Within the younger cohort (Group A), a significant proportion diagnosed with cancer on TURP underwent further oncological management. Of these men 10/30 (33%) underwent some form of treatment with a curative intent including prostatectomy, radiotherapy, or androgen deprivation. Interestingly, staging on TURP tends to predict the stage of subsequent specimens obtained from transrectal biopsies and prostatectomy. However, anecdotally, this is not entirely reliable, as seen in Case 6 in the TRUS specimens (Table 3). Furthermore, several cases were significantly upstaged on subsequent pathological assessment (Cases 2, 5, and 7).
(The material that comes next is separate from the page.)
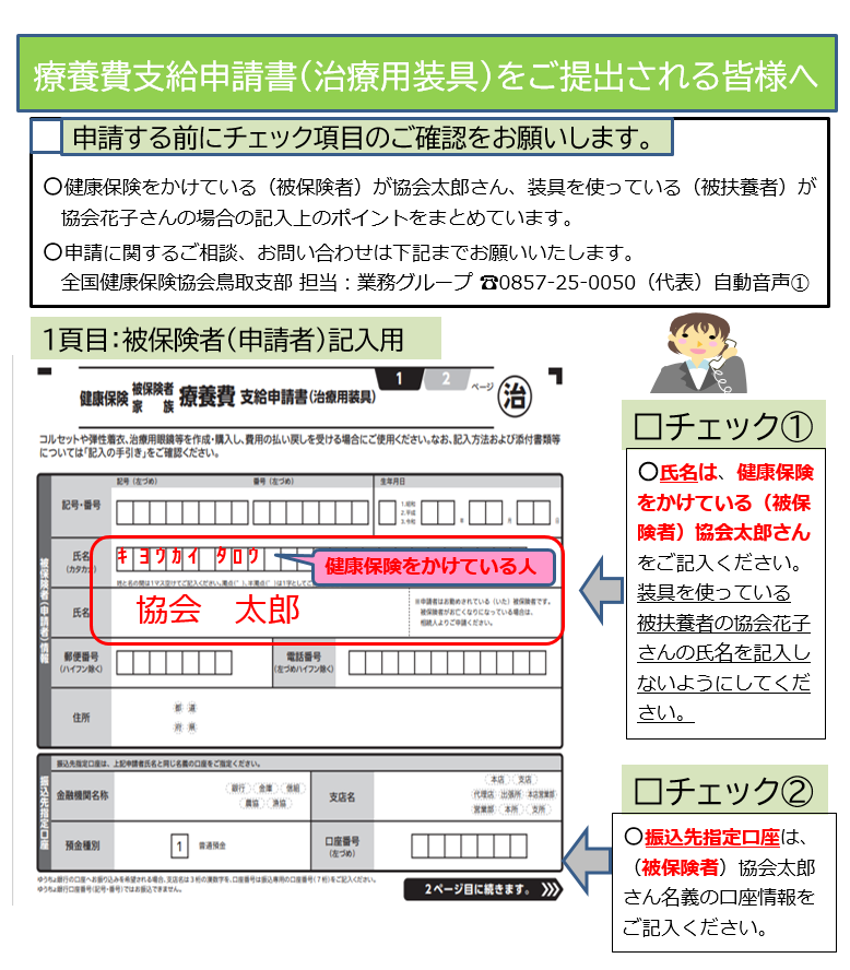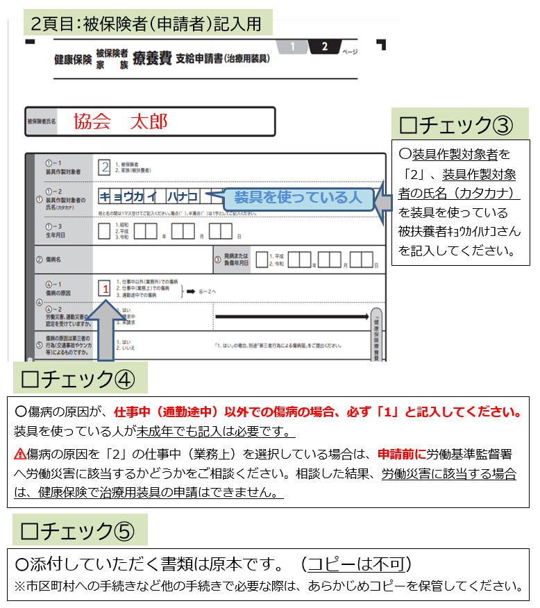 下記を参考に、被保険者氏名と装具作成対象者の氏名(カタカナ)を正しくご記入いただきますようお願いします。

Due to this, we recommend that all patients diagnosed with cancer on TURP should undergo further pathological testing to clarify the extent of the local disease. In particular, patients being considered for active surveillance following low-grade prostate cancer on TURP should undergo further assessment to exclude high grade disease in the peripheral zone.

The current study suggests that detection of ICP on TURP may be clinically significant, even in a younger cohort. The introduction of nonablative therapies, such as laser prostatectomy or urolift, pose the difficult issue of a lack of prostatic specimen for histopathological analysis, potentially leading to diagnostic compromise. This situation poses the question—should we be performing transrectal biopsies targeting the transitional zone prior to, or during, laser prostatectomy to exclude prostate cancer? Alternatively, is monitoring the trend in PSA following the establishment of a new baseline sufficient?
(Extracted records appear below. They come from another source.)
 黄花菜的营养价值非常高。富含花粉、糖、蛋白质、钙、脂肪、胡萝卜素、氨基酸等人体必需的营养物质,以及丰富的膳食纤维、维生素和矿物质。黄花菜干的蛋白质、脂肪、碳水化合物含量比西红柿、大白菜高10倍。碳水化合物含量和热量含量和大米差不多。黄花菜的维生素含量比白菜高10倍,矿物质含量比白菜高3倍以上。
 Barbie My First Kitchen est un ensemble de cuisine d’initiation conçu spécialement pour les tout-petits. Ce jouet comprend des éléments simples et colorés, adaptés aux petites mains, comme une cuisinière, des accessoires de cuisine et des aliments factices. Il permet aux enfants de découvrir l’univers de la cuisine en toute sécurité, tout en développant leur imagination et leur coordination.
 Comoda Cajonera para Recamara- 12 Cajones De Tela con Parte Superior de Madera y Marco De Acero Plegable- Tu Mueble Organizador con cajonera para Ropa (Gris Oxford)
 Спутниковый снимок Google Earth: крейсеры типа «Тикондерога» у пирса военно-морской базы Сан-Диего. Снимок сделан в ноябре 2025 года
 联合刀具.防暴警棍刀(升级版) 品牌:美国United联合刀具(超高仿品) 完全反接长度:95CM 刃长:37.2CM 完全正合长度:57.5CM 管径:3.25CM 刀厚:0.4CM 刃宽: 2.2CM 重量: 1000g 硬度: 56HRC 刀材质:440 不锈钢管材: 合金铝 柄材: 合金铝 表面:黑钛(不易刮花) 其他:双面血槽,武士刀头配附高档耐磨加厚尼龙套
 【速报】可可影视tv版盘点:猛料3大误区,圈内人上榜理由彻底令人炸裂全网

Several limitations were identified within the current study. Histopathological analysis was performed by a single uropathologist and may account for a high rate of prostate cancer through overdiagnosis. To address this concern, all small foci were confirmed with PIN4 immunoperoxidase stains. The cohort examined in the study represents patients from the private sector within Australian practice, potentially introducing selection bias. This cohort may have also been exposed to a more aggressive treatment protocol. While this study identifies the importance of diagnosis of ICP in younger males, a larger, more comprehensive study is required to ascertain rates in the larger population and clinical significance. Crucial clinical details were not available for analysis including PSA, digital rectal examination findings, and previous medical history.
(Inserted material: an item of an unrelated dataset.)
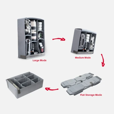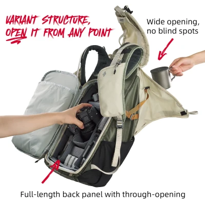 Questo zaino è dotato di un inserto fotografico interno pieghevole brevettato che offre una funzione di "espansione e contrazione". Per la fotografia all'aperto, con l'inserto interno in modalità ridotta, lo zaino è in grado di ospitare metà attrezzatura fotografica e metà attrezzatura per l'outdoor. A pieno carico, diventa una borsa fotografica ad alta capacità mentre senza inserto fotografico diviene un ottimo zaino per outdoor. Infine, l'inserto si comprime fino a raggiungere uno spessore di soli 2 cm, rendendolo facile da riporre senza occupare spazio. Adotta un rivestimento idrorepellente di teflon ed il pannello posteriore è realizzato in PVC impermeabile, proteggendo efficacemente la fotocamera e tutta la tua attrezzatura.
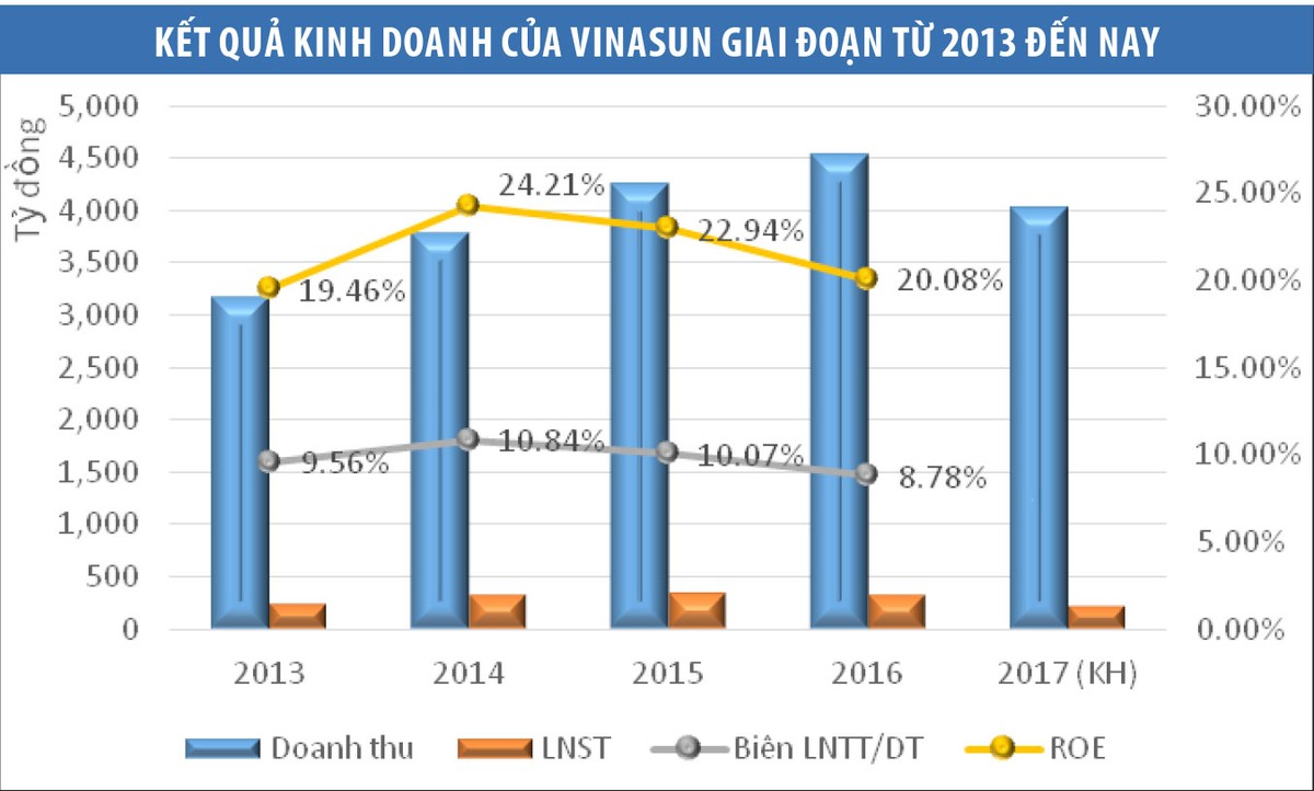 Mới đây, Vinasun đã công bố tài liệu Đại hội đồng cổ đông năm 2017 với chỉ tiêu doanh thu 4.025 tỷ đồng, lợi nhuận trước thuế 256 tỷ đồng, giảm lần lượt 11% và 35,5% so với thực hiện 2016.

The current study shows that prostate cancer is not uncommon in TURP specimens in men up to age 65 years. Many of these cancers are clinically significant, requiring further oncological management. Despite thorough histopathological assessment, 50% of cases had tumor in only one block. These findings suggest that all of the TURP specimens in men up to 65 years should be submitted for pathological examination. These findings are also of importance given the increasing use of laser prostatectomy and the consequent loss of tissue for pathological examination. This may lead to an underidentification of cancer in these men.

Conflicts of interest

The authors have no conflicts of interest to declare.